▼▼▼
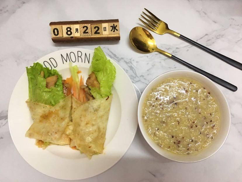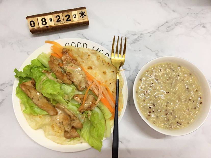 8.22 自制美食篇🥣🥬🥕🐔鸡肉卷,三色藜麦小麦粥
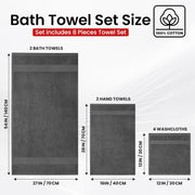 Infinitee Xclusives Premium Bath Towels Set - [Pack of 8] 100% Cotton Highly Absorbent 2 Bath Towels, 2 Hand Towels and 4 Washcloths - Hotel & Spa Quality Bath Towels for Bathroom (Shadow Grey)
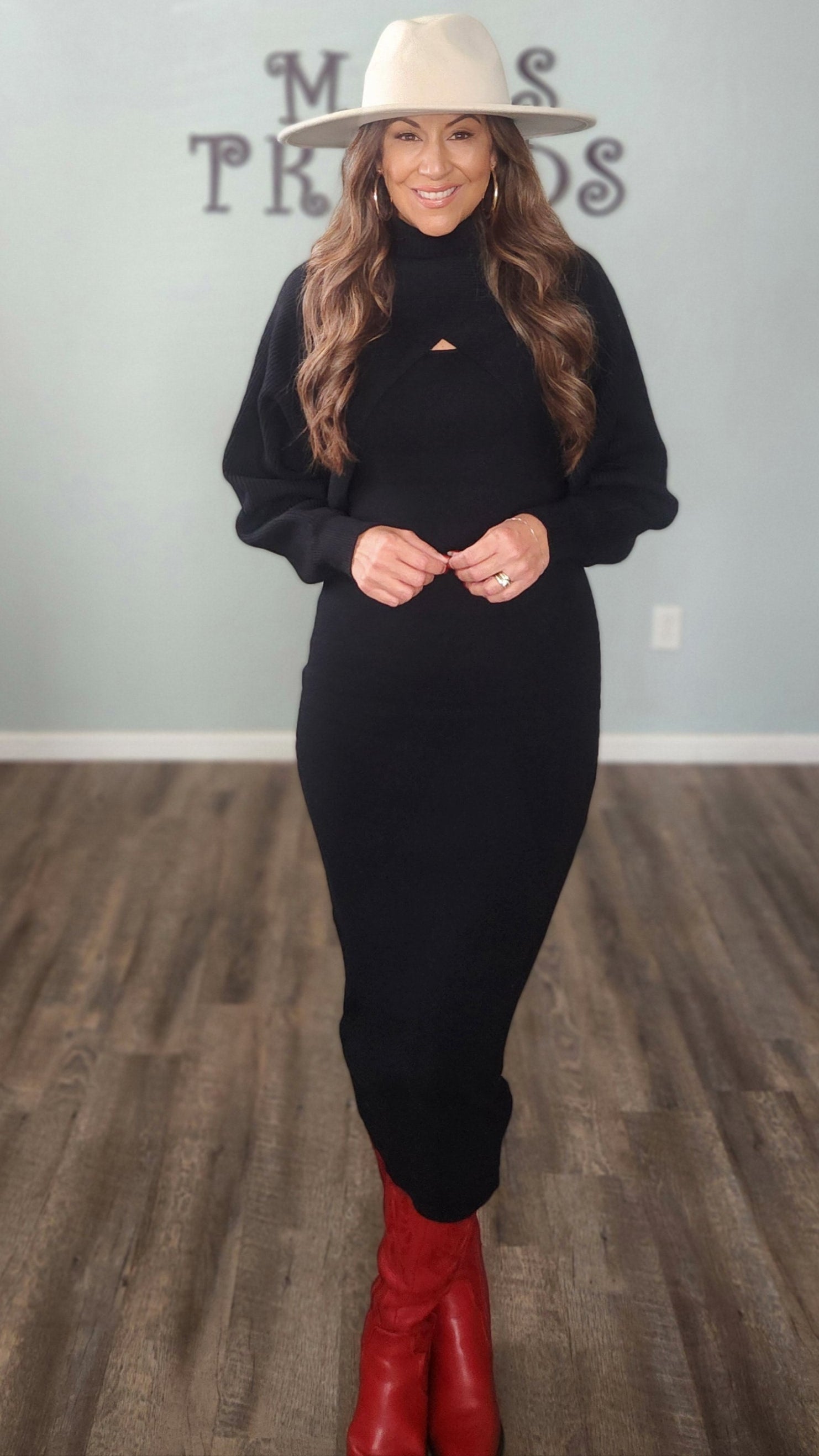 Elegant, classy, and endlessly versatile. This sleek black midi dress comes with a coordinating cropped sweater that you can wear layered for a polished set or style each piece on its own. Whether you’re keeping it casual with sneakers or dressing it up for an evening out, this two-in-one look delivers timeless sophistication every time.
▲▲▲
YOUR TASK: Please repeat the listing precisely, excluding the pictures it contains.

ANSWER TO THE EXERCISE:
 8.22 自制美食篇🥣🥬🥕🐔鸡肉卷,三色藜麦小麦粥
 Infinitee Xclusives Premium Bath Towels Set - [Pack of 8] 100% Cotton Highly Absorbent 2 Bath Towels, 2 Hand Towels and 4 Washcloths - Hotel & Spa Quality Bath Towels for Bathroom (Shadow Grey)
 Elegant, classy, and endlessly versatile. This sleek black midi dress comes with a coordinating cropped sweater that you can wear layered for a polished set or style each piece on its own. Whether you’re keeping it casual with sneakers or dressing it up for an evening out, this two-in-one look delivers timeless sophistication every time.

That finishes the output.